DataDesigner/docs/notebook_source/5-generating-images.py

# ---
# jupyter:
#   jupytext:
#     text_representation:
#       extension: .py
#       format_name: percent
#       format_version: '1.3'
#       jupytext_version: 1.18.1
#   kernelspec:
#     display_name: .venv
#     language: python
#     name: python3
# ---

# %% [markdown]
# # 🎨 Data Designer Tutorial: Generating Images
#
# #### 📚 What you'll learn
#
# This notebook shows how to generate synthetic image data with Data Designer using image-generation models.
#
# - 🖼️ **Image generation columns**: Add columns that produce images from text prompts
# - 📝 **Jinja2 prompts**: Drive diversity by referencing other columns in your prompt template
# - 💾 **Preview vs create**: Preview stores base64 in the dataframe; create saves images to disk and stores paths
#
# Data Designer supports both **diffusion** (e.g.
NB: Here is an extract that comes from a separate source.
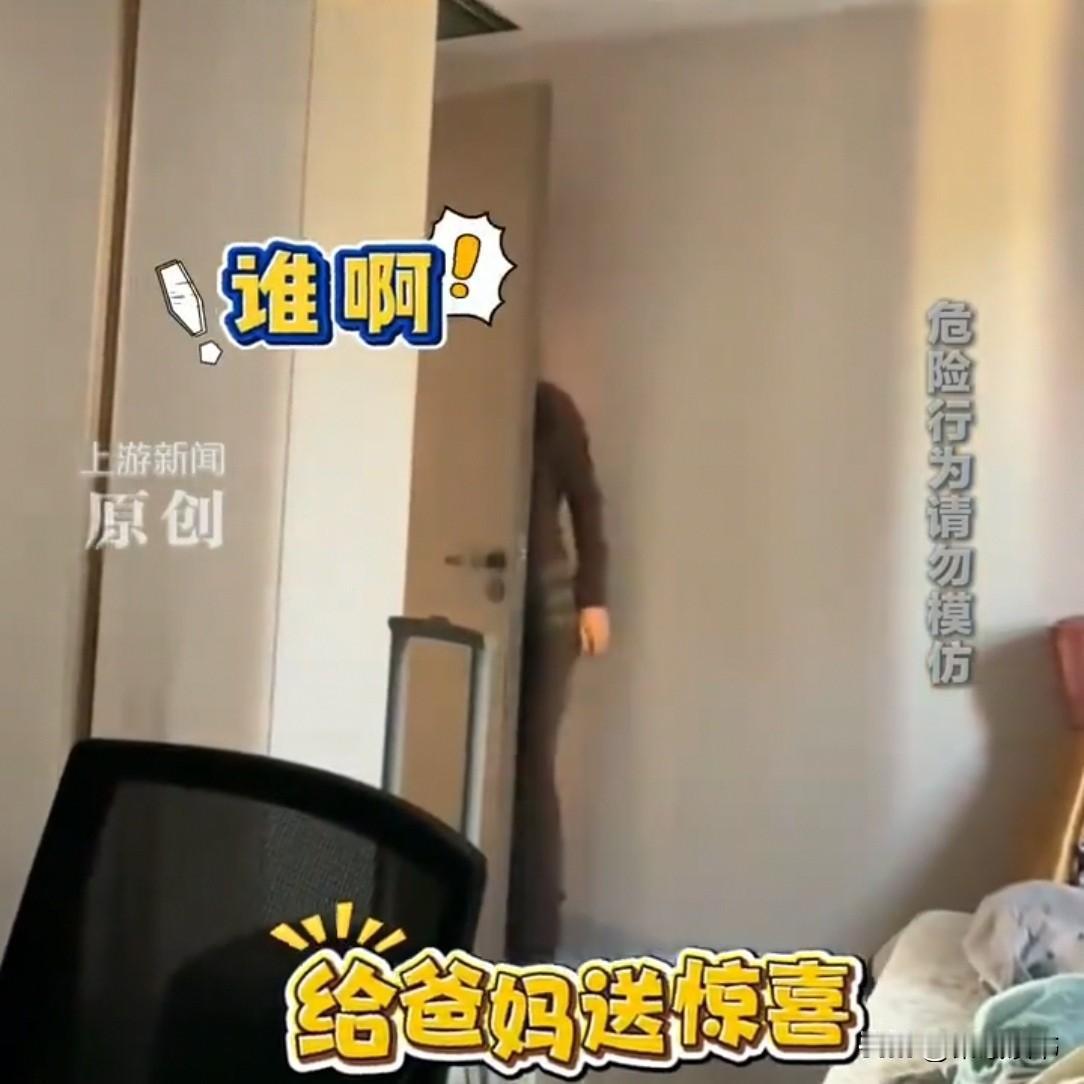 广东一女生休假回家,躲在门后想给爸妈惊喜。可爸妈见屋里不对劲,以为进了小偷。爸爸猛地推门,“砰”地撞在女生脸上,女生刚想喊人,第二下推门又紧跟着砸了过来。 11月22日,广东女生小琪休假,琢磨着给爸妈来个猝不及防的惊喜。 她特意瞒了三天,没透露半点回家的消息,拎着行李箱站在家门口时,心里早把爸妈惊喜落泪的画面脑补了八百遍。 掏出钥匙轻轻开门,屋里静悄悄的。 小琪先把行李箱藏进自己房间,又踮着脚溜进爸妈的卧室,眼睛亮晶晶地扫视一圈,最终选定门后当“藏宝地”。 为了完整记录下这温馨瞬间,她提前把手机架在衣柜角落,调好录像角度,才美滋滋地缩在门后,屏住呼吸等待。 “爸妈看到我,肯定会一把抱住我,还会说‘我的宝贝怎么突然回来了’!”小琪咬着嘴唇偷笑,手指忍不住轻轻挥舞,模拟着和爸妈拥抱的场景。 等了快20分钟,女生顿时有点心急了,正想出去看看,就听见了钥匙开门的转动声。 小琪立刻绷紧神经,把身子往门后藏好。 “咦?灯怎么开着?”妈妈的声音带着疑惑,紧接着,家里的小狗突然狂叫起来,尾巴竖得笔直,还一个劲往门后扑。 老两口对视一眼,瞬间警惕起来——出门时明明关了所有灯,现在客厅亮堂堂的,还有小狗反常狂吠,难道是进小偷了? 两人对视一眼后,开始分工合作。 妈妈小心拉开窗帘,父亲则挨个排查柜子、门后等藏人角落。 卧室门后,女生见爸妈还不进来,有点心急的她,悄悄动了动。 卧室门传来的动静瞬间吸引了老俩口的注意力。 两人蹑手蹑脚挪到卧室门口,爸爸耳朵贴在门上听了听,隐约听到里面有动静,心里更确定是小偷藏着了。 他回头跟妈妈使了个眼色,深吸一口气,猛地发力,朝着门狠狠一推——“砰!” 一声巨响,门板结结实实地撞在小琪脸上。 “啊!”小琪疼得眼泪瞬间涌了上来,眼前一阵发黑,刚想张嘴喊“爸妈”,还没等声音发出来,爸爸以为“小偷”在里面反抗,又使劲补推了一下门! “砰!”第二下力道更足,小琪直接被撞得失去平衡,“扑通”一声摔在地上。 “呜呜呜……是我啊!爸爸!”小琪捂着生疼的嘴,眼泪鼻涕一起流,坐在地上哭得直抽抽,声音都带着哭腔。 这声呼喊让老两口瞬间僵住。 爸爸愣在原地,手还保持着推门的姿势,妈妈赶紧凑过来,小心翼翼地拉开门。 看到坐在地上捂着脸哭的女儿,两人同时瞪大了眼睛,异口同声地喊:“琪琪?你怎么回来了!” 老两口看见女儿手捂着嘴巴眼泪掉个不停,意识到闹了乌龙了,讪讪地笑了笑,原来不是小偷进家了,而是自家宝贝女儿回来了。 女生偷偷回家想给爸妈惊喜,反倒被当小偷“暴击”,又疼又好笑。这也提醒了我们:惊喜得选对方式,不然也太疼了。
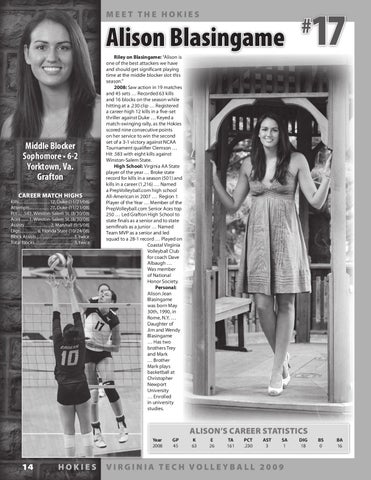 Riley on Blasingame: “Alison is one of the best attackers we have and should get significant playing time at the middle blocker slot this season.” 2008: Saw action in 19 matches and 45 sets … Recorded 63 kills and 16 blocks on the season while hitting at a .230 clip … Registered a career-high 12 kills in a five-set thriller against Duke … Keyed a match-swinging rally, as the Hokies scored nine consecutive points on her service to win the second set of a 3-1 victory against NCAA Tournament qualifier Clemson … Hit .583 with eight kills against Winston-Salem State. High School: Virginia AA State player of the year … Broke state record for kills in a season (501) and kills in a career (1,216) … Named a PrepVolleyball.com high school All-American in 2007 … Region 1 Player of the Year … Member of the PrepVolleyball.com Senior Aces top 250 … Led Grafton High School to state finals as a senior and to state semifinals as a junior … Named Team MVP as a senior and led squad to a 28-1 record … Played on Coastal Virginia Volleyball Club for coach Dave Albaugh … Was member of National Honor Society. Personal: Alison Jean Blasingame was born May 30th, 1990, in Rome, N.Y. … Daughter of Jim and Wendy Blasingame … Has two brothers Trey and Mark … Brother Mark plays basketball at Christopher Newport University … Enrolled in university studies.

DALL·E, Stable Diffusion, Imagen) and **autoregressive** (e.g. Gemini image, GPT image) models.
#
# > **Prerequisites**: This tutorial uses [OpenRouter](https://openrouter.ai) with the Flux 2 Pro image model. Set `OPENROUTER_API_KEY` in your environment before running.
#
# If this is your first time using Data Designer, we recommend starting with the [first notebook](https://nvidia-nemo.github.io/DataDesigner/latest/notebooks/1-the-basics/) in this tutorial series.
#

# %% [markdown]
# ### 📦 Import Data Designer
#
# - `data_designer.config` provides the configuration API.
# - `DataDesigner` is the main interface for generation.
#

# %%
from IPython.display import Image as IPImage
from IPython.display import display

import data_designer.config as dd
from data_designer.interface import DataDesigner

# %% [markdown]
# ### ⚙️ Initialize the Data Designer interface
#
# We initialize Data Designer without arguments here—the image model is configured explicitly in the next cell. No default text model is needed for this tutorial.
#

# %%
data_designer = DataDesigner()

# %% [markdown]
# ### 🎛️ Define an image-generation model
#
# - Use `ImageInferenceParams` so Data Designer treats this model as an image generator.
# - Image options (size, quality, aspect ratio, etc.) are model-specific; pass them via `extra_body`.
#

# %%
MODEL_PROVIDER = "openrouter"
MODEL_ID = "black-forest-labs/flux.2-pro"
MODEL_ALIAS = "image-model"

model_configs = [
    dd.ModelConfig(
        alias=MODEL_ALIAS,
        model=MODEL_ID,
        provider=MODEL_PROVIDER,
        inference_parameters=dd.ImageInferenceParams(
            extra_body={"height": 512, "width": 512},
        ),
    )
]

# %% [markdown]
# ### 🏗️ Build the config: samplers + image column
#
# We'll generate diverse **dog portrait** images: sampler columns drive subject (breed), age, style, look direction, and emotion. The image-generation column uses a Jinja2 prompt that references all of them.
#

# %%
config_builder = dd.DataDesignerConfigBuilder(model_configs=model_configs)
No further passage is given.